:: Task instructions ::
Every line from the start of the data through the line containing "Dvoustěnný termo hrnek" should be retyped exactly; the pictures should not.

:: Supplied material ::
= Beginning of Section =

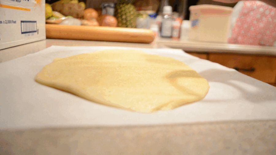 Sprinkle flour on wax paper to avoid sticking, and use a rolling pin to flatten the dough out.
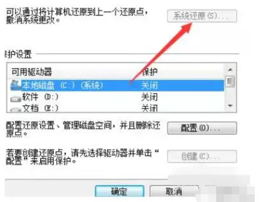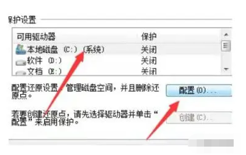 4、然后給電腦配置選擇一個磁盤作為還原點,選定后點擊配置。
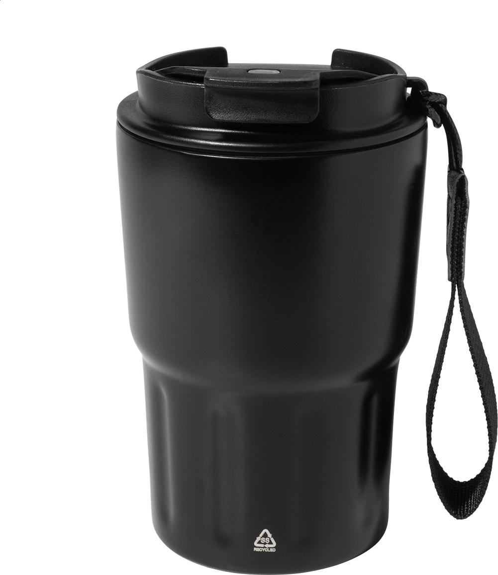Dvoustěnný termo hrnek z recyklované nerezové oceli s izolačním víčkem z PP. S poutkem z RPET polyesteru. 350 ml.
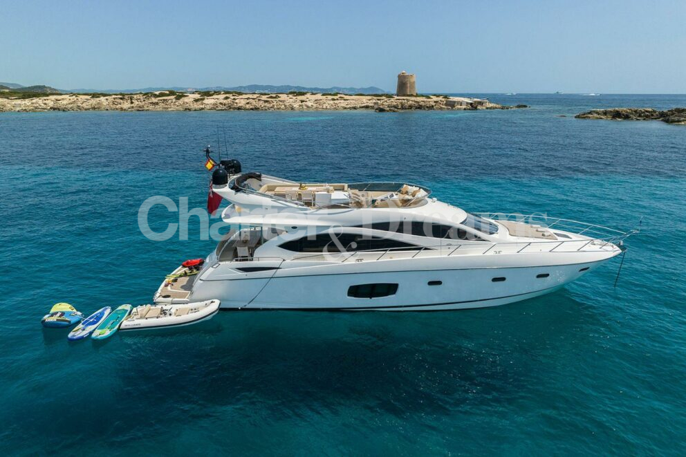 El superyate CALA DI LUNA tiene su base en Ibiza durante todo el año. También esta disponible para alquiler en cualquiera de las Islas baleares; Mallorca y Menorca, destinos que se alcanzan con suma facilidad en espacios cortos de tiempo gracias a la velocidad de este yate, La Sunseeker Manhattan 70 CALA DI LUNA incluye el amarre en el precio, en el exclusivo puerto de Marina Ibiza donde esta el famoso restaurante Lio y varias tiendas de lujo. Ibiza es un destino atractivo tanto por su belleza y magia como por la proximidad de disfrutar de las aguas turquesas de Formentera.

= End of Section =

:: Finished exercise ::
 Sprinkle flour on wax paper to avoid sticking, and use a rolling pin to flatten the dough out.
 4、然后給電腦配置選擇一個磁盤作為還原點,選定后點擊配置。
Dvoustěnný termo hrnek z recyklované nerezové oceli s izolačním víčkem z PP. S poutkem z RPET polyesteru. 350 ml.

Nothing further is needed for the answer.